Coroot will provide you with Infrastructure Overview, highlighting utilization of most important resources
Estimated costs of running such infrastructure, including idle costs, cross-AZ and egress traffic as well as estimated breakdown of those per application
Service Map allows you to see all the services, how they are communicating with each other and which are experiencing problems. The Service map is based on actual service communication
With Application view providing the bird eye view of application status with focus on applications which are unhealthy
When it comes to Incidents Coroot uses clear, simple and “objective” definition of uptime and meeting SLO (Service Level Objectives), this eliminates need for configuration as well as very common problem of overmonitoring and creating too many irrelevant alerts, creating noise and actually reducing team alertness and responsiveness to real critical issues.
Just couple of clicks away is incidents Root Cause Analysis
Which uses the knowledge about service dependency and automatic instrumentation to pinpoint what exactly is causing the issue (this particular feature is part of Coroot Enterprise)
Despite all these awesome features, Coroot is not for everyone of course. It is “Opinionated” Observability solution, which allows you to resolve problems quickly and effectively if you follow its methodology, some, especially “old school” engineers may rely on their own metrics or presentations which Coroot may not support.
If you’re someone who likes to build your own observability solutions out of Open Source building blocks, Coroot alone may not offer the extensibility you’re looking for. Yet many Coroot users run it in parallel with Grafana for custom dashboarding needs.

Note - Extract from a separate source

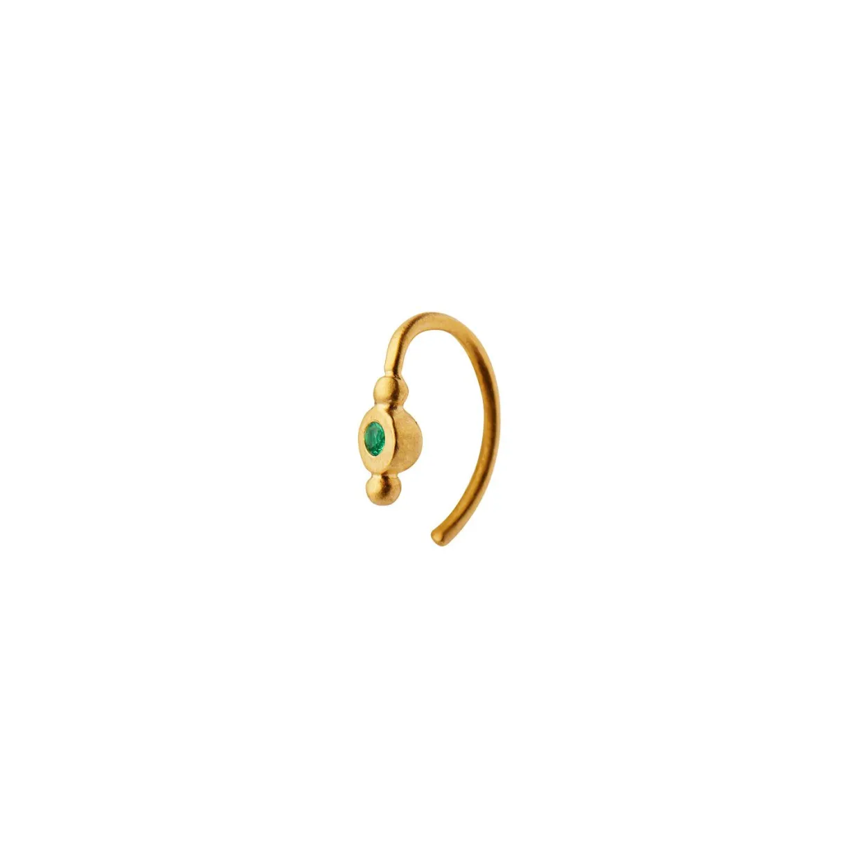 Smuk og elegant ørering fra Stine A, designet i 18 karat forgyldt sterling sølv og prydet med en fin grøn zirkon, der tilfører et diskret strejf af farve og eksklusivitet. Med sin længde på 10 mm er den perfekt til både hverdagsbrug og til at sætte et sofistikeret præg på festlige looks.

Coroot is also a solution which is broad, rather than deep. While it support large number of protocols and applications, and natively integrates with most popular databases such as PostgreSQL it is not as deep as special purpose tools, meaning for the most complicated issues you may need additional tools to resolve the problem.
Essential Observability does not have to be complicated. Starting with a minimalist approach to observability may be great place to start, picking something easy to deploy, easy to run, and something you do not have to pay an arm and a leg for. It is always easy to add more solutions if you absolutely need them. There are also a lot of good interactive and command line tools which you can use on as needed basis. If this philosophy speaks to you, make sure to give Coroot a try.